The fish fillets into a jerk marinade for the night








Threw on some shrimp with plantain slices and wrapped with bacon,  shrimmp were marinaded in terriaki for a couple hours







fish fillets wrapped in the bacon







a few of them wrapped and into the smoker early in the day for a snack







right out of the smoker







fresh out of the smoker about one hour







heres a final shot







they made a very tasty snack as we played monopoly

thanks for looking


----------



## meateater (Jul 12, 2011)

Man that looks great!


----------



## fpnmf (Jul 12, 2011)

MMMMMM.......... fish, shrimp and bacon....awesome!!

Craig


----------



## houston smoker (Jul 12, 2011)

make me a plate!!!!!  Shrimp look soooo good!!


----------



## pittman (Jul 18, 2011)

I likey!


----------



## teeznuts (Jul 18, 2011)

Amazing! I have to try this soon.


----------



## realtorterry (Jul 18, 2011)

Are you kidding! Simply awesome friend!! I love it!!! 
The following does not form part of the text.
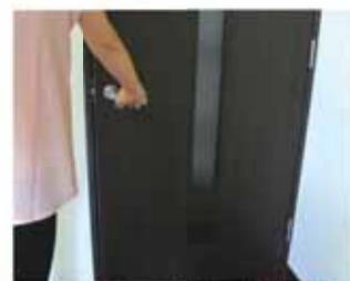
冷房使用時は冷やした空気を逃がさないようドアや窓を閉める

How was the plantains against the teriyaki?


----------



## SmokinAl (Jul 19, 2011)

That's some good stuff Rick!


----------



## Bearcarver (Jul 19, 2011)

Looks Great !!

Awesome BearView too!!!

One hour in smoker?---What temp?

Thanks Rick!

Bear


----------



## loosechangedru (Jul 24, 2011)

im gonna have to make these in bulk! looks awesome!


----------



## eman (Jul 25, 2011)

Looks great from where i sit.

 That spanish mackrel filets???


----------